African leaders are discussing the possibility of reinforcing a UN special brigade deployed in the Democratic Republic of Congo, as rebels there are forced on to the back foot.
South African President Jacob Zuma opened the talks on Monday urging his fellow leaders "to continue to do everything we can to act together in partnership, to respond to the urgent challenges of restoring peace and stability".
Zuma is hosting leaders from some of the 15-country Southern Africa Development Community (SADC) and some of DR Congo's neighbours at the summit in Pretoria.
The 3000-strong UN intervention brigade in eastern DR Congo is drawn from Malawi, South Africa and Tanzania.

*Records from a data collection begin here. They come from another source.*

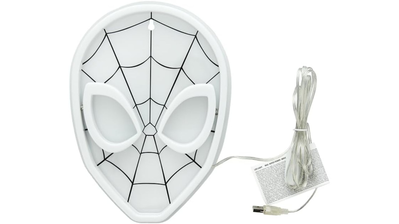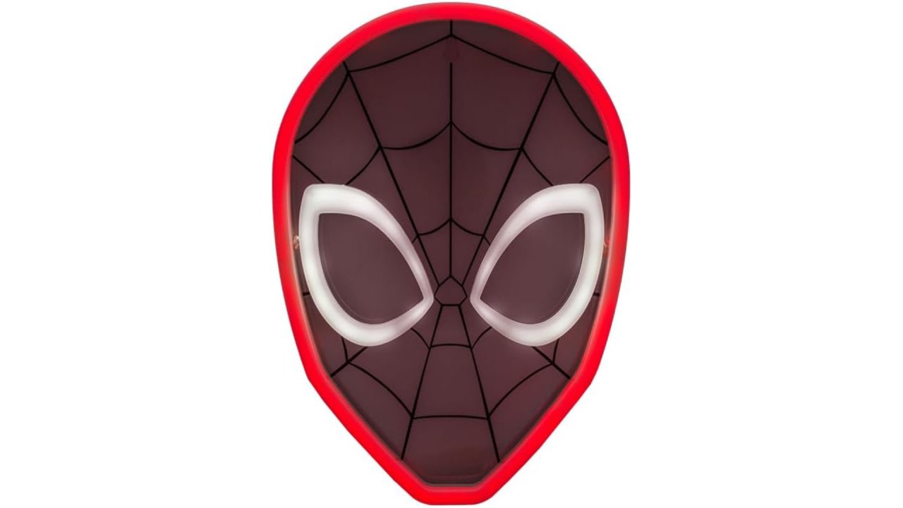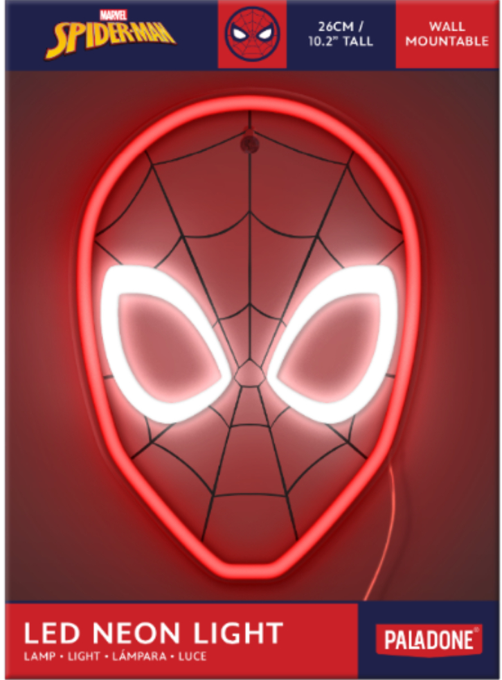 Designul iconic Spider-Man vă îmbunătățește decorul cu această lampă de veghe Spider-Man LED neon în formă de masca inconfundabilă a supereroului, perfectă pentru fanii Marvel.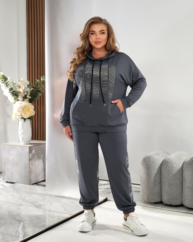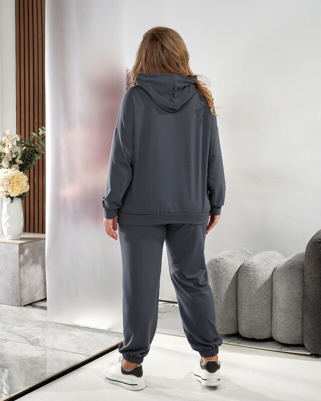 Этот комплект отлично подойдет для прогулок, активного отдыха и ежедневной носки. Его можно сочетать с кроссовками или кедами, что делает его универсальным для городского стиля. Благодаря свободному крою и качественному материалу костюм подойдет женщинам с разными типами фигуры, включая пышные формы. Модель дарит комфорт, уверенность и современный внешний вид, который будет уместен в любой повседневной ситуации.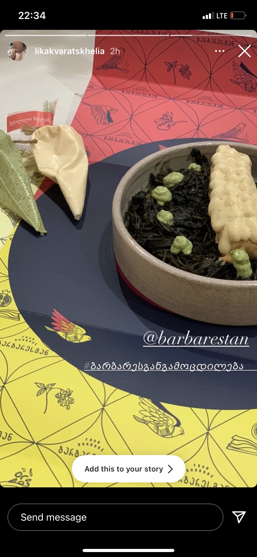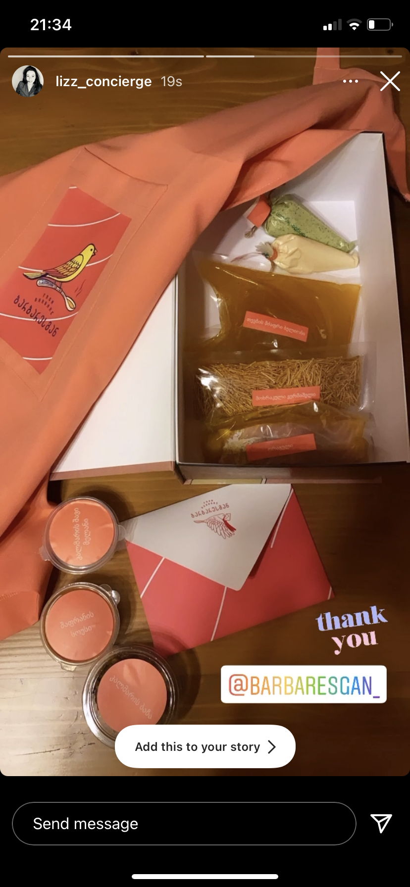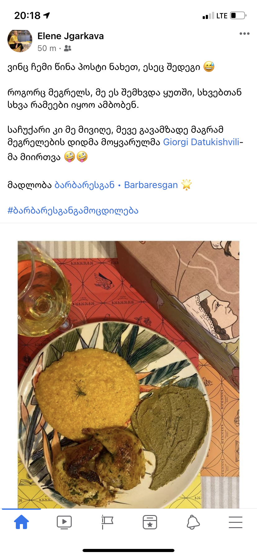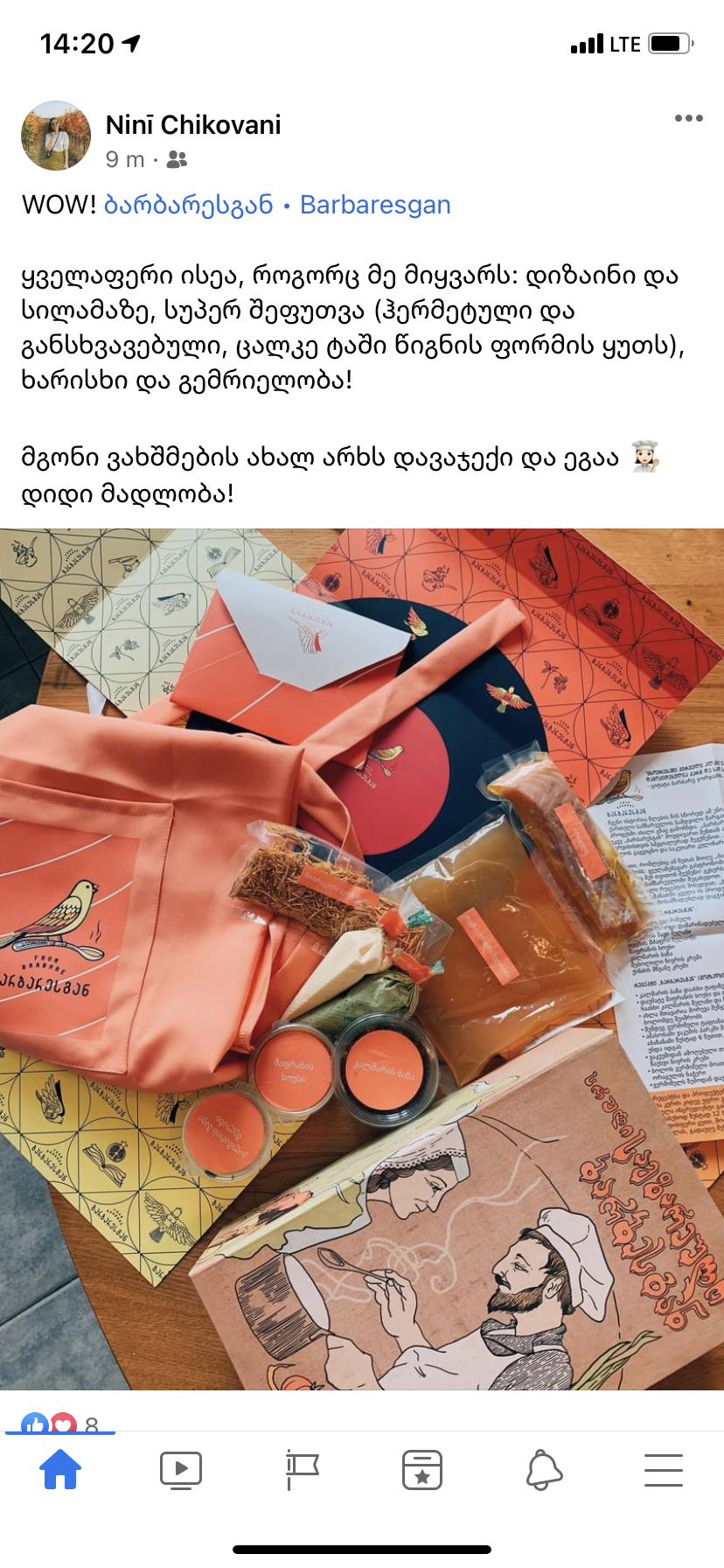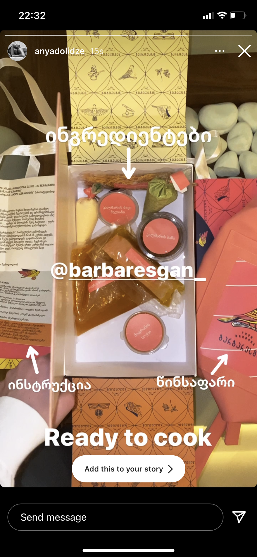„იდეის განხორციელებაზე დიდხანს ვფიქრობდით, პანდემიამ კი პროცესი ჩვენთვისაც დააჩქარა. სპეციალურად ამ ახალი ხაზისთვის შეფმზარეული ესპანეთიდან მოვიწვიეთ, შემდეგ კი – ბარბარე ჯორჯაძის წიგნისა და შეფის გამოცდილების სინთეზით – მიტანის სერვისზე ადაპტირებული მენიუ შევქმენით,“ – გვითხრეს ქართული ოჯახის წარმომადგენლებმა და პირველი გზავნილის მიტანისთანავე დაამტკიცეს, რომ ამ სერვისშიც ისეთივე ინოვატორები არიან, როგორც – თავდაპირველ კონცეფციასა და სხვა დანარჩენში. „ბარბარესგან“ მიტანილი ყველა ინგრედიენტი ინარჩუნებს მთავარს – ავთენტურობას, პარალელურად კი ზრუნავს იმაზე, რომ განავითაროს ქართული გასტრონომიული კულტურა, გააუმჯობესოს მომსახურების ხარისხი, შეინარჩუნოს ნაცნობი გემო, ადაპტირდეს ახალ რეალობასთან და გაუსწროს დროს – ზუსტად ისე, როგორც ბარბარე ჯორჯაძე უსწრებდა.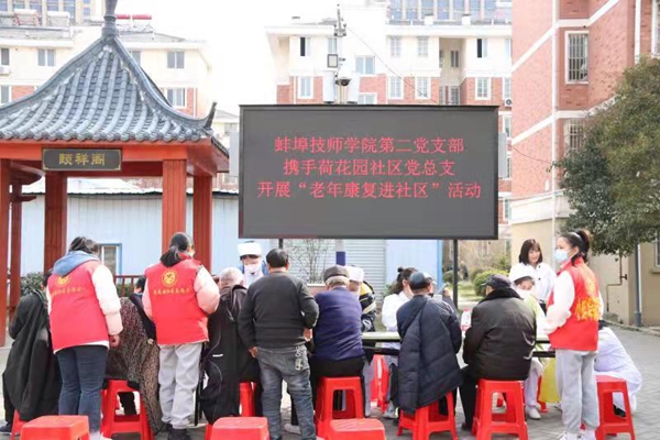 为深入学习贯彻党的十九届六中全会和习近平总书记重要讲话精神,持续深化党史学习教育,扎实推进“我为群众办实事”实践活动落地见效。春意盎然的三月,蚌埠技师学院第二党支部携手医护系,与共建单位淮上区荷花园社区共同开展“弘扬雷锋精神·争当社区先锋”之“老年康复进社区 ”志愿活动。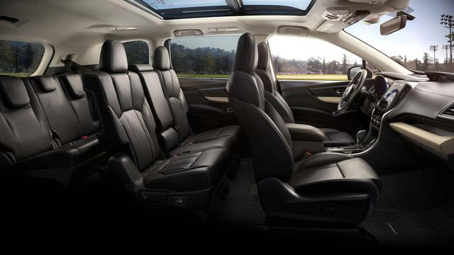 在内饰方面,新车的主要变化集中在配置上。 EyeSight驾驶辅助系统首次配备了车道保持和车道居中功能,并支持盲点监控和后方交叉路口警报功能的选装;此外新车还配备了远近光LED大灯、第二排/第三排座椅安全带未系提醒、3区空调以及8个USB和1个120伏插座、19个杯架等。高配车型的车内还配备Slate Black打孔皮革内饰,并配有银色缝线。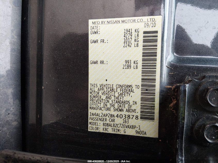 2011 NISSAN ALTIMA 2011 року Бензин, 2.5, Передний привод, vin - 1N4AL2AP2BN403878 из США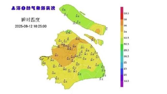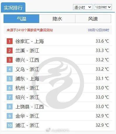 上午徐家汇再次登上全国高温榜首。副热带高压稳定,加上西南风带来的热浪,使得高温持续。今天上海以多云为主,云层较厚,但气温依然较高。徐家汇自动气象站记录到的实况气温达到35.2℃,并且午后到上半夜局部地区可能会有阵雨或雷雨,雨量可能达到大雨到暴雨级别。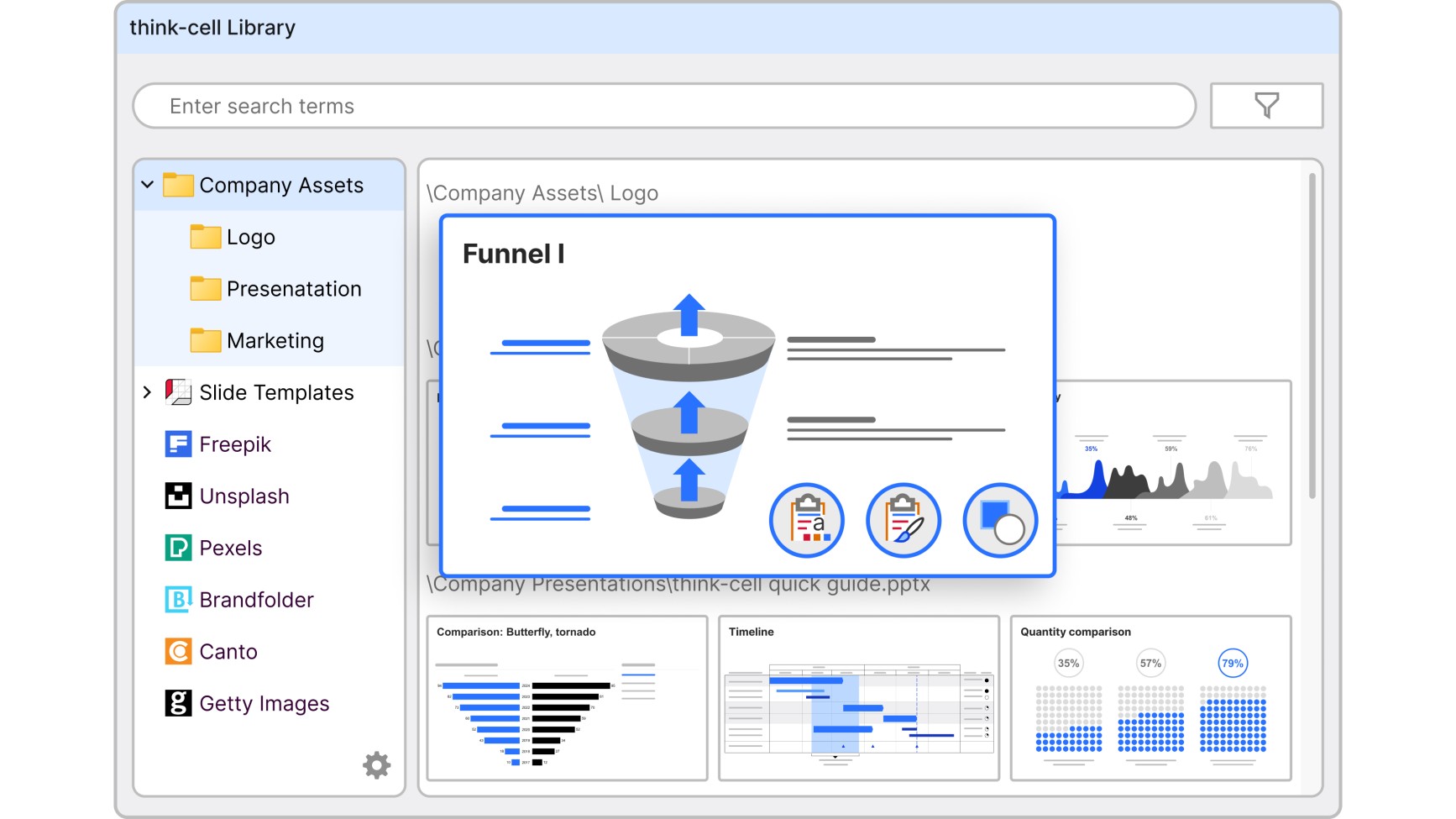 think-cell Library permite añadir sus presentaciones, diapositivas, plantillas, imágenes e iconos favoritos, poniendo todo lo que necesita justo donde lo necesita.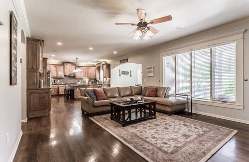 Located in Overland Park, our luxury place is within walking distance to Deanna Rose Farmstead and a giant soccer field, making it suitable for guests of all ages. We are also just 30 minutes away from popular Kansas City attractions such as the Plaza, the Kansas City Zoo, the Sprint Center, Union Station, and various history and art museums/galleries. For your peace of mind, we have Ring monitoring enabled outside of the home and in the garage. And to make your stay even more convenient, the entire house is Alexa enabled.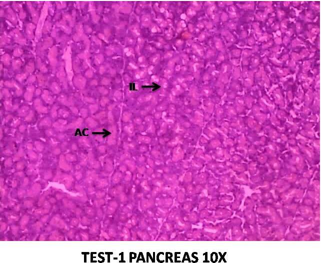 Fig. 4: Test 1 (EECS 200 mg/kg)-The regeneration of pancreatic tissue takes place and shows similar to normal cytoarchitecture. (Abbreviation: AC-Acinar, IL-Islets of langerhans)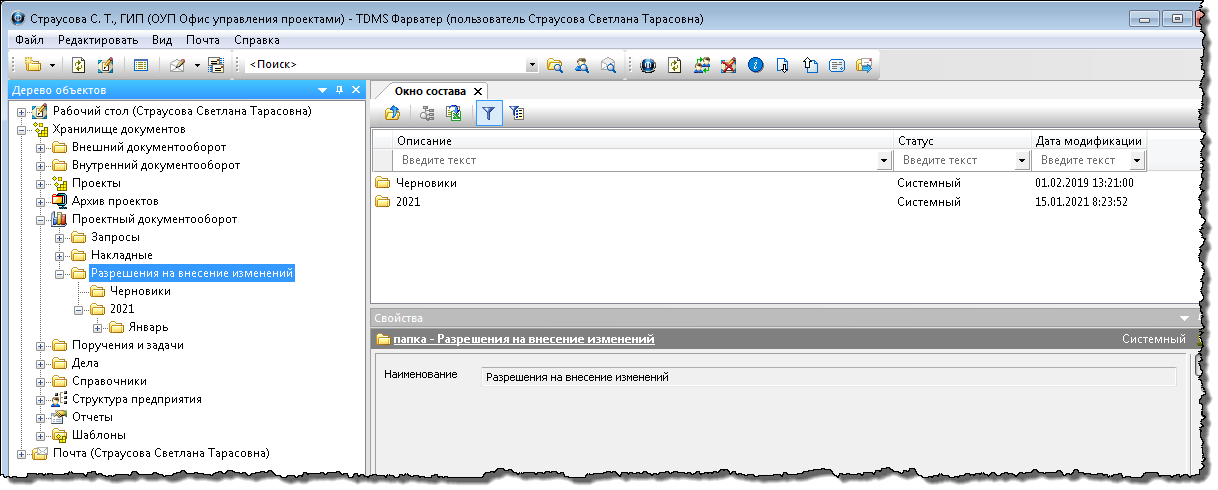 ![]() ·Черновики - системная папка для хранения документов, которым еще не присвоен регистрационный номер. После присвоения такого номера (регистрации), документ переносится в папку, соответствующую году и месяцу регистрации;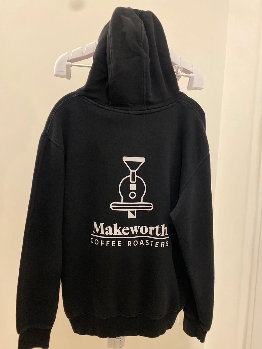 Selling a Makeworth Coffee Roasters hoodie in black. It's in great condition and features the company's logo on the front and back. Perfect for any coffee lover! Pick up only! Size L!

It joined 17,000 peacekeepers already deployed in the country, but it carries a special mission to help Congo's army quell the rebellions in the region.
On Monday, the brigade carried out what is believed to be its first direct combat against M23 rebels since the Congolese army began a major assault against the rebellion late October and seized control of all of the M23 strongholds.
"Important initiatives are being undertaken ... and buttressed by the United Nations framework for peace and security in the DRC and the Great Lakes to reach a political resolution to the fundamental causes of instability in the region," said Zuma in his opening remarks.
"Additionally the UN intervention brigade has now been fully deployed with the mandate to restore stability to the east of the DRC."
Presidents from the Democratic Republic of Congo, Kenya, Malawi, Uganda and Zimbabwe are among those at the Pretoria meeting.
The African Union Commissioner for Peace and Security, Smail Chergui, said the summit is "trying to write a new page in the tragic history of this region".
SADC chairwoman and Malawi's President Joyce Banda meanwhile urged the DR Congo government to consider returning to negotiations with the rebels "for the sake of peace in the DRC" as "military intervention alone is not enough".
The United Nations regularly accuses neighbouring Rwanda and Uganda of covertly supporting the rebels, a claim they deny.
Rwandan leader Paul Kagame skipped Monday's summit, but Uganda's Yoweri Museveni was present and said the latest outbreak of fighting was unexpected.
"The recent fighting took me by surprise," he said.